Association between genotype and metabolic traits
No significant associations between the five SNP genotypes were observed with metabolic traits in both the T2DM and NDM groups (data not shown).
Comparison of genotypic and allelic distribution of five SNPs (rs895819, rs531564, rs11888095, rs3820455 and rs2910164) between T2DMand NDM
Different inheritance models analysis of the SNP rs531564 in miR-124a between the T2DM and NDM group
Different inheritance models analysis of the SNP rs2910164 in miR-146a between the T2DM and NDM group
The Han Chinese population is more genetically predisposed to T2DM than European populations[24,25]. It is therefore imperative to explore the genetic architecture and T2DM susceptibility loci that are unique to the Han Chinese population.
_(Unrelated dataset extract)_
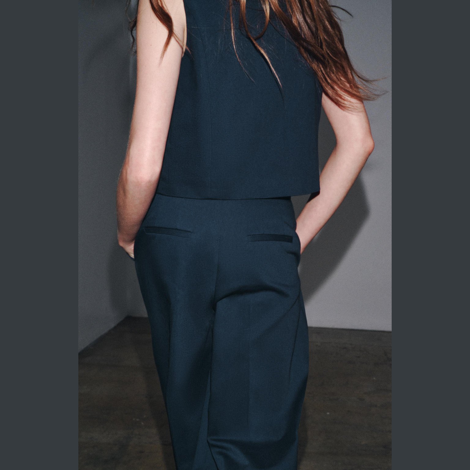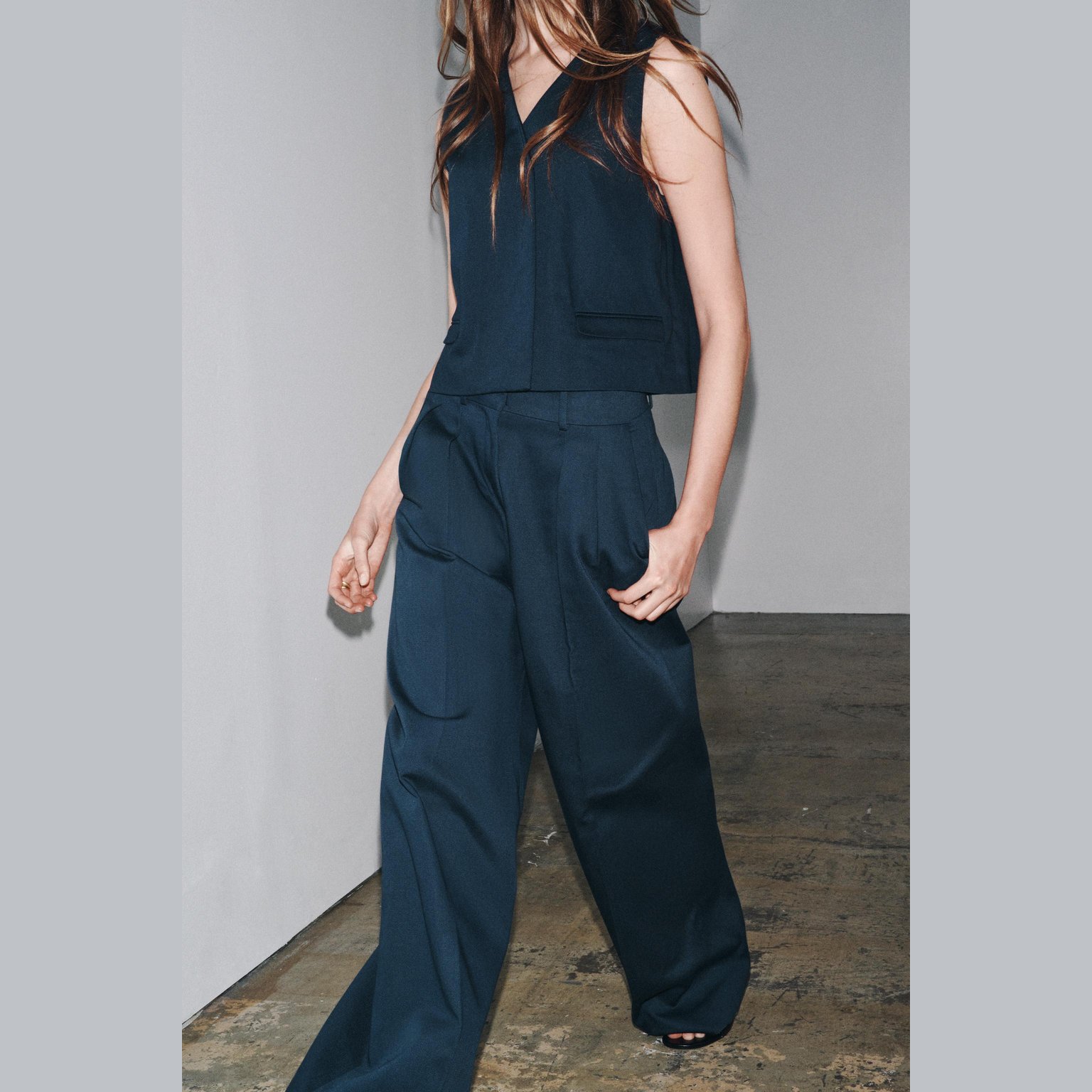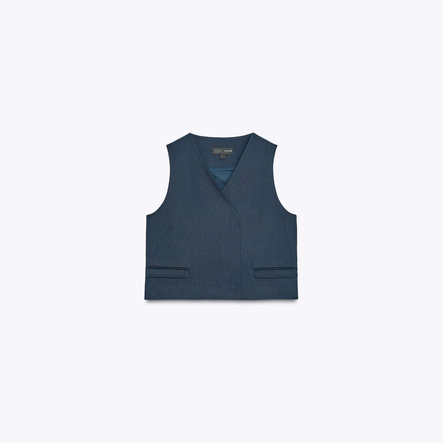 فيست أنيق من مجموعة ZW بلون كحلي طبيعي، مصنوع بالكامل من القطن لملمس عملي ومريح، مع بطانة داخلية من القطن أيضًا لراحة إضافية. يتميز بياقة V عميقة بلا أكمام، مع جيوب أمامية بغطاء وهمي، وإغلاق أمامي مزدوج الأزرار بأزرار مخفية. تصميم مثالي للإطلالات الرسمية أو الكاجوال الأنيقة.

In this study, we evaluated the associations between five SNPs in miRNAs with T2DM in a Han Chinese population. Our results showed that among these SNPs, rs531564 in miR-124a and rs2910164 in miR-146a were associated with T2DM. In particular, the C allele for rs531564 was associated with a low risk of T2DM. Conversely, the C allele for rs2910164 was associated with an increased risk of T2DM. The other three SNPs (rs895819 in miR-27a, rs11888095 in miR-128a and rs3820455 in miR-194a) had no observed associations with T2DM in allele, genotype nor in different heritance models.
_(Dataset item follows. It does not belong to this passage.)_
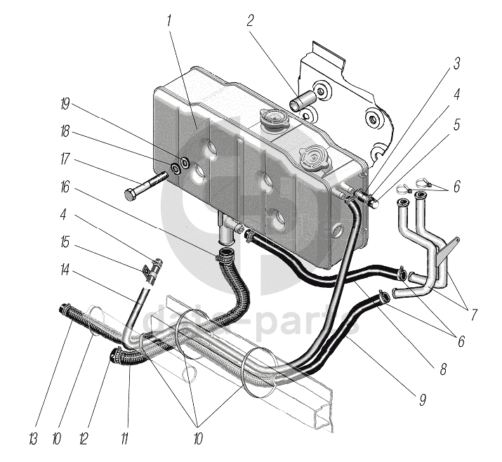 Установка расширительного бачка УРАЛ-6370-1121

The miR-124a has been identified as being involved in the development of the pancreas and the differentiation of pancreatic β cells[20,27]. Moreover, recent study has shown that miR-124a was hyper expressed in T2DM human pancreatic islet and its overexpression impaired the glucose-stimulated insulin secretion. In 2013, Ciccacci et al. proved rs531564 in miR-124a, which is located in the pri-miR region, was associated with T2DM in an Italian population, and the G allele of rs531564 was the risk allele of T2DM. In the current study, we also observed that rs531564 in miR-124a was associated with T2DM in a Han Chinese population, and the C allele of rs531564 was associated with a low risk of T2DM. In 2012, Qi L et al. showed that the G variant allele of rs531564 in miR-124a can alter the stability of the pri-miR and lead to a different mature miRNA structure; also, the amount of mature miR-124a in the CC genotype was 20% lower than in the GG genotype. Thus, the miR-124a overexpression caused by the G allele could alter insulin secretion and create increased susceptibility to the development of T2DM.
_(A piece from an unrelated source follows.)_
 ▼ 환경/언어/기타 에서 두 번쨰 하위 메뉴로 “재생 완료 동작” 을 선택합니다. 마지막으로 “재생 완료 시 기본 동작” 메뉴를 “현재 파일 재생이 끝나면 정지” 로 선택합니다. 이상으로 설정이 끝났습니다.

The miR-128a and miR-194a were the predicted miRNAs targeted on the 3' UTR of T2DM-associated genes involved in T2DM susceptibility analyzed by specific software. The T2DM-associated genes are IRS1, INSR, CAPN10, PPARγ, TCF7L2 and KCNJ11[2-8]. However, in the current study, we did not observe the association of rs11888095 in miR-128a and rs3820455 in miR-194a with T2DM. Moreover, Ciccacci et al. also failed to observe an association between these two SNPs with T2DM in an Italian population . The reasons for the lack of associations of these two SNPs with T2DM could be miR-128a and miR-194a were predicted using software only, while no studies have directly proved their role in the development of T2DM. In addition, it could also be that these two SNPs might influence neither the structure nor function of those miRNAs.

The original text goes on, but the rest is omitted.